I addressed this denial of free will/personal responsibility in “San Fransicko.” I noted that, after WWII, there was a debate over free will, and most decided that the “good soldier” a.k.a. “I was just following orders” defense was untenable.
I pointed out that denial of free will gives people permission to behave badly. SBF may be proof of that.
If free will is a myth, it’s a good one. It’s what leads people to obey laws. It’s what allows civilization to exist. The fact that free will is a myth, “socially constructed,” is no argument against it.
What all of that philosophical gymnastics gets you is the justification to do whatever you want. It opens the door to might-makes-right justifications. And it provides a clear path to the charitable-ends-justify-the-fraudulent means rationalizations SBF engaged in.
This scandal is spectacular proof that high intelligence is no substitute for shitty ethics, and may even undermine them. The smartest guys in the room are particularly well-equipped to justify bad, power-hungry nihilism.
BINGO
Some people have misinterpreted my thread as saying we should blame SBF’s mother for SBF’s apparent crimes. Definitely not. That’s her argument, not mine. I’m saying we should hold SBF, and nobody else, responsible.
As usual, the antidote can be found near the poison. Paul Bloom, in the same issue, makes the identical case I made, which is that free will motivates good behavior.

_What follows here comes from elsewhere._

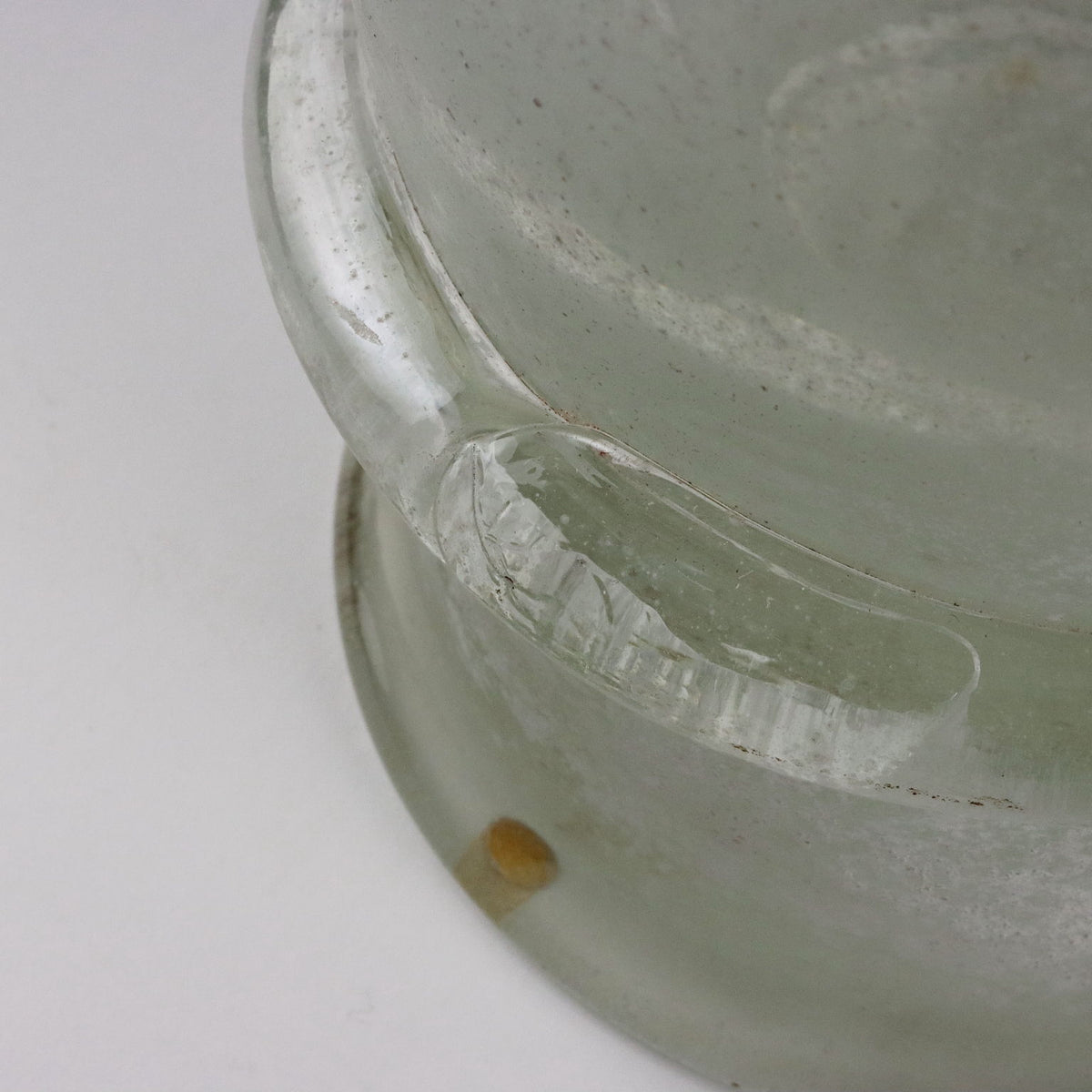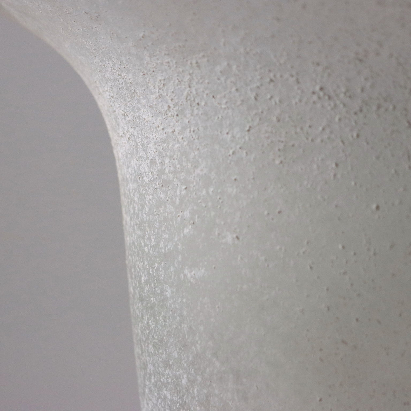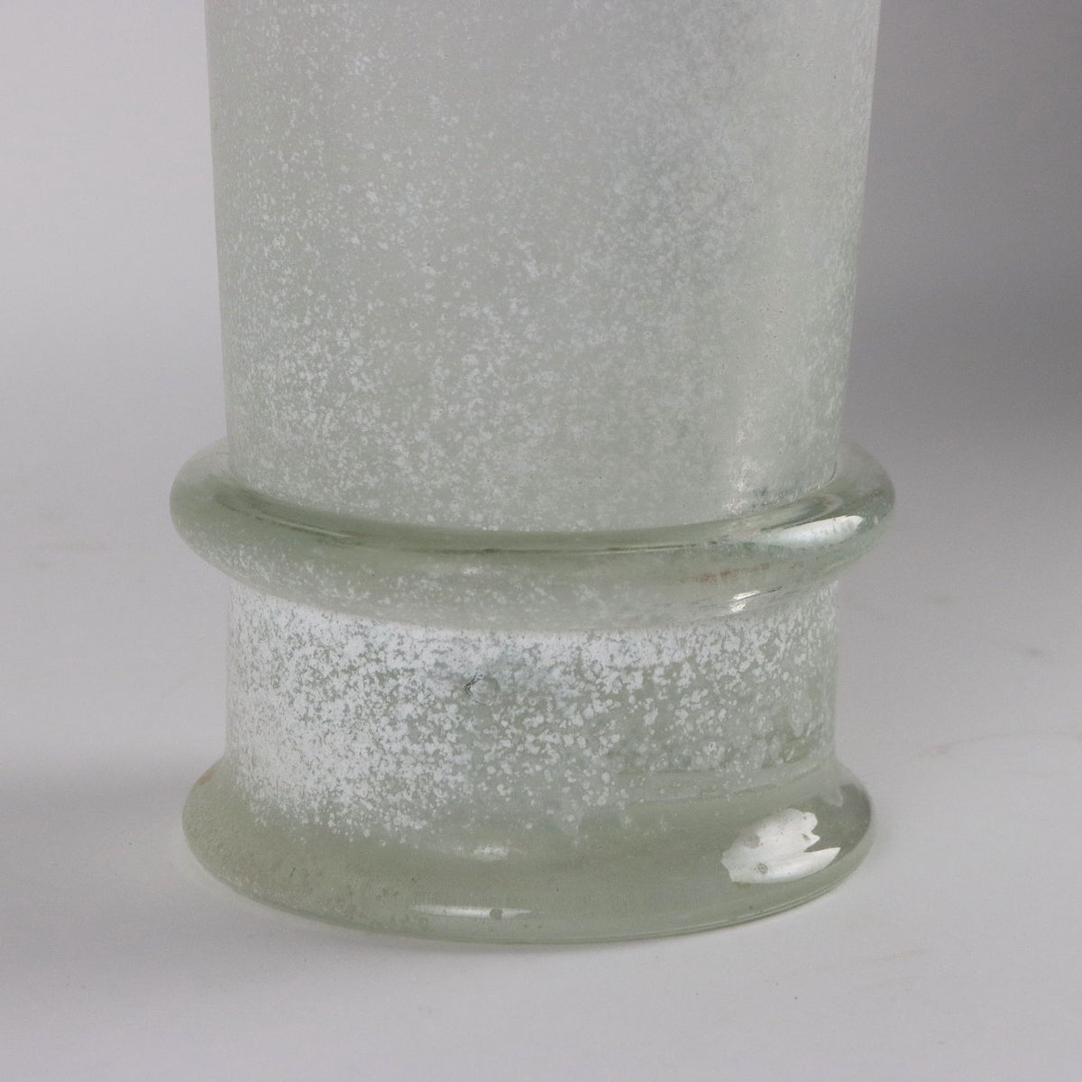 Trumpet shaped vase in white and colorless scavo glass. Tubular band applied hot at the base. Vintage objects, vintage objects, 1960s articles, 1970s articles, 1930s articles, 1940s objects, 1950s objects, design articles.

bostonreview.net/forum_response…
“If you take her argument seriously, nobody should blamed for anything—not the teenager, or the corrupt politician, or the cheating spouse, or anybody else. You also shouldn’t praise, admire, or respect anyone, as all of these attitudes presume some degree of choice.”
Amen
SBF deliberately hit his investors in the face while they were sleeping and now he is half-denying he did so deliberately.